Wednesday, November 23, 2005

NTP daemons for Gentoo

Looks like there are two basic choices (according to "emerge -s ntp"), ntp and openntpd.

*  net-misc/ntp
Latest version available: 4.2.0.20040617-r3
Latest version installed: [ Not Installed ]
Size of downloaded files: 2,403 kB
Homepage: http://www.ntp.org/
Description: Network Time Protocol suite/programs
License: as-is

* net-misc/openntpd
Latest version available: 3.7_p1
Latest version installed: 3.7_p1
Size of downloaded files: 133 kB
Homepage: http://www.openntpd.org/
Description: Lightweight NTP server ported from OpenBSD
License: BSD


I decided to go with OpenNTPD because it seemed to be smaller and less troublesome then the official NTP daemon. (As one of the lines on the OpenNTPD page says... I'm not after microsecond accuracy.)

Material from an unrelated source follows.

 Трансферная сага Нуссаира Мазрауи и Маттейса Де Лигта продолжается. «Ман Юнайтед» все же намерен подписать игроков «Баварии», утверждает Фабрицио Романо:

If you want to use OpenNTPD, you should dig through the presentations / papers for a brief overview of the project (such as matching time against random servers).

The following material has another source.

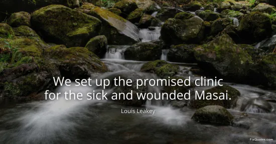 Leakey, Louis. (2026, January 16). We set up the promised clinic for the sick and wounded Masai. FixQuotes. https://fixquotes.com/quotes/we-set-up-the-promised-clinic-for-the-sick-and-104665/

Note that if you're in North America, you'll probably want to change the "servers" line in /etc/ntpd.conf. NTP.org has a list of server pools that you can pick from, divided by geography. I chose to use "north-america.pool.ntp.org" as my servers pool.

(I am still evaluating OpenNTPD... and I may switch over to the official NTP server instead.)

Useful links:
Gentoo Linux Localization Guide
Jeff McCoy | Time

Useful commands:

# hwclock --show
# zdump GMT
# zdump EST5EDT
# date


These commands should show you a hardware clock that matches either GMT (if you have things set to UTC) or your local timezone. I had a misconfigured hardware clock that was set to localtime, while my system was thinking it was UTC/GMT time.

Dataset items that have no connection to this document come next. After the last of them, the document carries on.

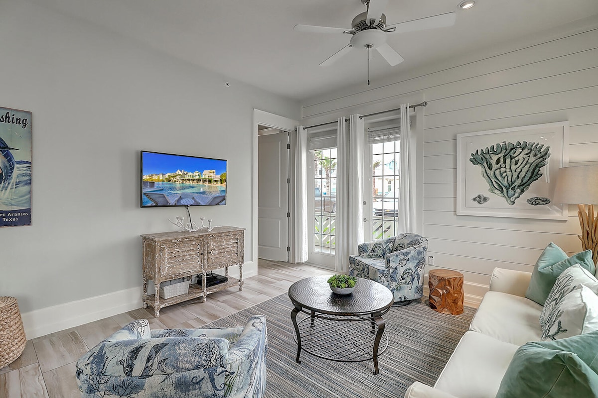 On the gorgeous Cinnamon Shore development, you're just a short walk to the beach, pools, and nearby restaurants and cafes. Enjoy beautiful Mustang island and the town of Port Aransas with your friends and family in this roomy 2 story condo with cathedral ceilings, 2 king bedrooms, and tons of space for kids in the heart of Cinnamon Shore's original Town Center! You’ll love it because of the location, the high ceilings, and the views. It's a great place for groups and families with kids!
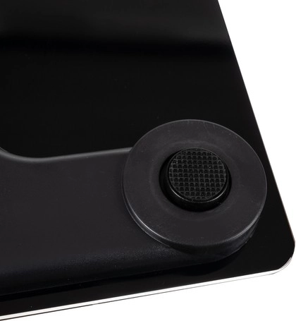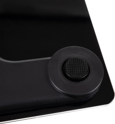 Stylowa czarna platforma z 0,3 cm szkła hartowanego wytrzymuje do 180 kg i zapewnia stabilne oraz bezpieczne użytkowanie w łazience.
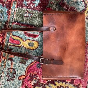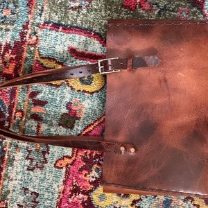 Glazed tan color with 1 leather divider. Does have tiny “AM” initials on front top corner. Link to new item: https://colsenkeane.com/products/no-714-tote-in-crazy-horse?variant=42120723890373. Has never been used.

Note that when you look at /var/log/messages, the OpenNTPD messages can be a bit confusing. You will see lines like:

Dec 19 21:33:10 localhost ntpd[5673]: adjusting local clock by -11.800044s
Dec 19 21:36:23 localhost ntpd[5673]: adjusting local clock by -11.691234s
Dec 19 21:39:36 localhost ntpd[5673]: adjusting local clock by -11.621488s


What this actually means is that your clock is currently off by approximately 12 seconds. Eventually, OpenNTPD will adjust your clock to be as close as possible to the official time, but it won't make that adjustment suddenly (all at once). Instead, it will slowly reduce the error amount to the minimum possible for your system.

If you want your server to synchronize at a faster rate, you should manually set the time using the 'date' command to as close to proper time as you can. Otherwise, it may take a few days for OpenNTPD to finish synchronizing your machine's local clock.

You should also look up the "hwclock" command, especially the --hctosys and --systohc options. Also look at "nano -w /etc/conf.d/clock", you should probably set the CLOCK_SYSTOHC flag to "yes" so that your system time gets written to the hardware clock during shutdown.